Please repeat every entry exactly as written, but skip the pictures.

BEGIN SUPPLIED MATERIAL

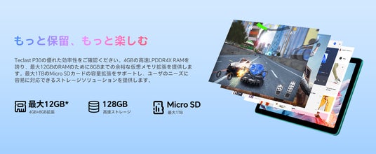Teclast P30の優れた効率性をご確認ください。4GBの高速LPDDR4X RAMを誇り、最大12GBのRAMのために8GBまでの余裕な仮想メモリ拡張を提供します。最大1TBの Micro SDカードの容量拡張をサポートし、ユーザのニーズに容易に対応できるストレージソリューションを提供します。
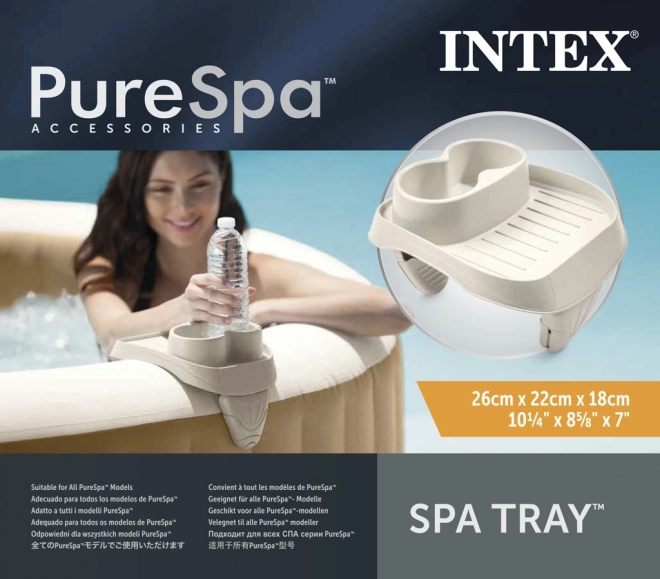 Il pratico portabevande per le vasche idromassaggio INTEX trasforma la tua spa domestica in un confortevole SPA. Si aggancia facilmente al bordo superiore dell’idromassaggio e offre un fissaggio stabile e resistente, spazio per due bevande e un piccolo ripiano per oggetti. Grazie ai bordini sagomati tutto rimane al suo posto e un’eventuale bevanda rovesciata non defluisce nell’acqua.
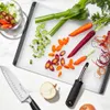 両面使える滑りにくいまな板 両端についた滑り止めで、作業中も安定感があり、立てて乾かすときも滑りにくい仕様です。 フチ部分の溝は、トマトや果物などの水分を受け止めて周りを汚しません。たまった水分はコーナーからすっと捨てられて便利です。溝のない面はフラットなので、切った食材をボウルやお鍋に移すのに便利です。 フチが斜めにカットされているので、片手でも持ち上げやすく快適です。軽量なので扱いやすく毎日のお料理に活躍します。 場所や用途に応じてお選びいただける全3サイズ展開。 漂白剤、食器洗い乾燥機がご使用いただけます。
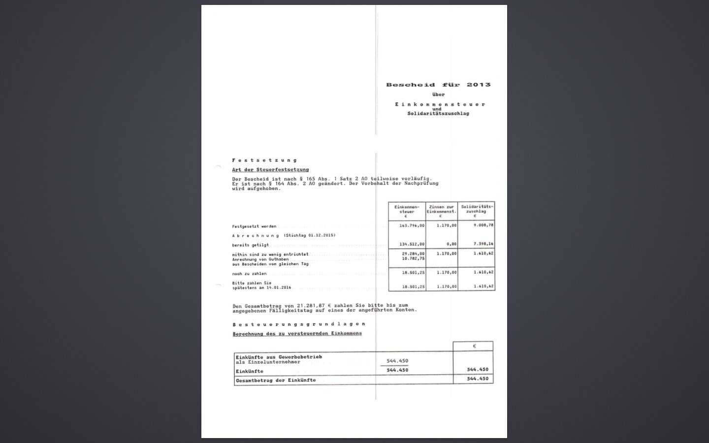 Gegen den Steuerbescheid, nach dem er hätte auch zig Mio Steuern zahlen müssen hatte er dann einfach einen Widerruf gemacht, nach dem Motto ich hab mich um 3 Stellen vertan *lol*
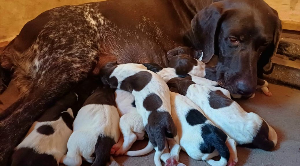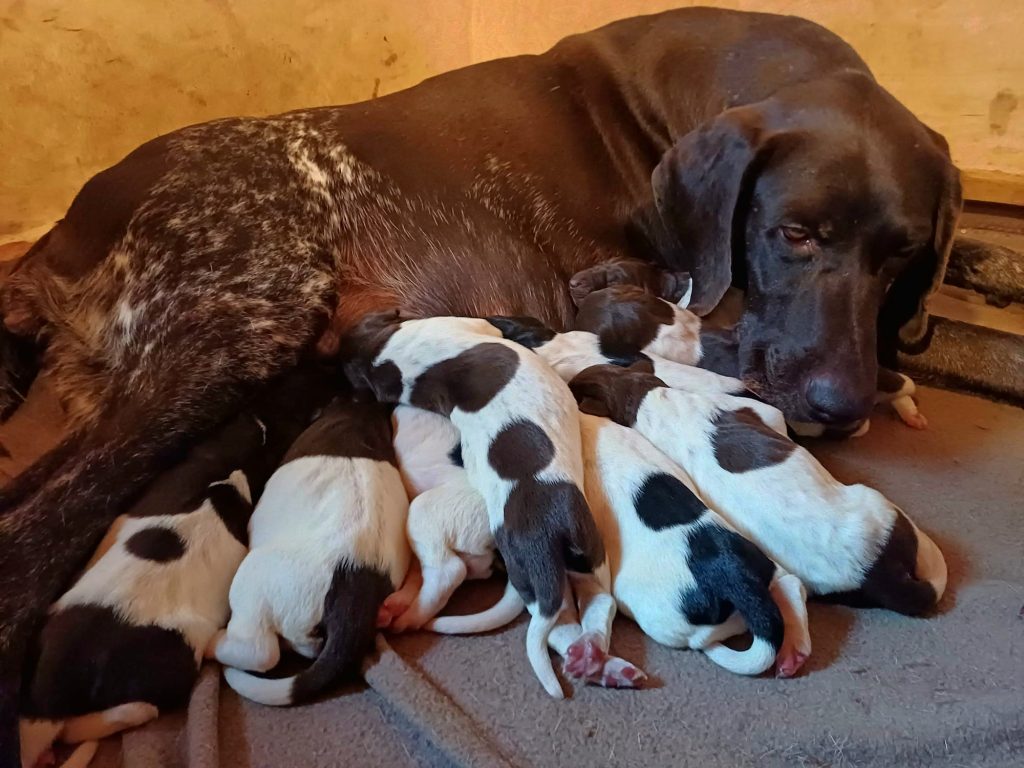 Am 01.04.2026 ist mit neun munteren, kräftigen Welpen unser C-Wurf gefallen. Er teilt sich auf in 3 Rüden (2 brschl., 1 schwschl.) und 6 Hündinnen (2 schwschl., 4 brschl.) aus

END SUPPLIED MATERIAL

(EXERCISE RESPONSE):
Teclast P30の優れた効率性をご確認ください。4GBの高速LPDDR4X RAMを誇り、最大12GBのRAMのために8GBまでの余裕な仮想メモリ拡張を提供します。最大1TBの Micro SDカードの容量拡張をサポートし、ユーザのニーズに容易に対応できるストレージソリューションを提供します。
 Il pratico portabevande per le vasche idromassaggio INTEX trasforma la tua spa domestica in un confortevole SPA. Si aggancia facilmente al bordo superiore dell’idromassaggio e offre un fissaggio stabile e resistente, spazio per due bevande e un piccolo ripiano per oggetti. Grazie ai bordini sagomati tutto rimane al suo posto e un’eventuale bevanda rovesciata non defluisce nell’acqua.
 両面使える滑りにくいまな板 両端についた滑り止めで、作業中も安定感があり、立てて乾かすときも滑りにくい仕様です。 フチ部分の溝は、トマトや果物などの水分を受け止めて周りを汚しません。たまった水分はコーナーからすっと捨てられて便利です。溝のない面はフラットなので、切った食材をボウルやお鍋に移すのに便利です。 フチが斜めにカットされているので、片手でも持ち上げやすく快適です。軽量なので扱いやすく毎日のお料理に活躍します。 場所や用途に応じてお選びいただける全3サイズ展開。 漂白剤、食器洗い乾燥機がご使用いただけます。
 Gegen den Steuerbescheid, nach dem er hätte auch zig Mio Steuern zahlen müssen hatte er dann einfach einen Widerruf gemacht, nach dem Motto ich hab mich um 3 Stellen vertan *lol*
 Am 01.04.2026 ist mit neun munteren, kräftigen Welpen unser C-Wurf gefallen. Er teilt sich auf in 3 Rüden (2 brschl., 1 schwschl.) und 6 Hündinnen (2 schwschl., 4 brschl.) aus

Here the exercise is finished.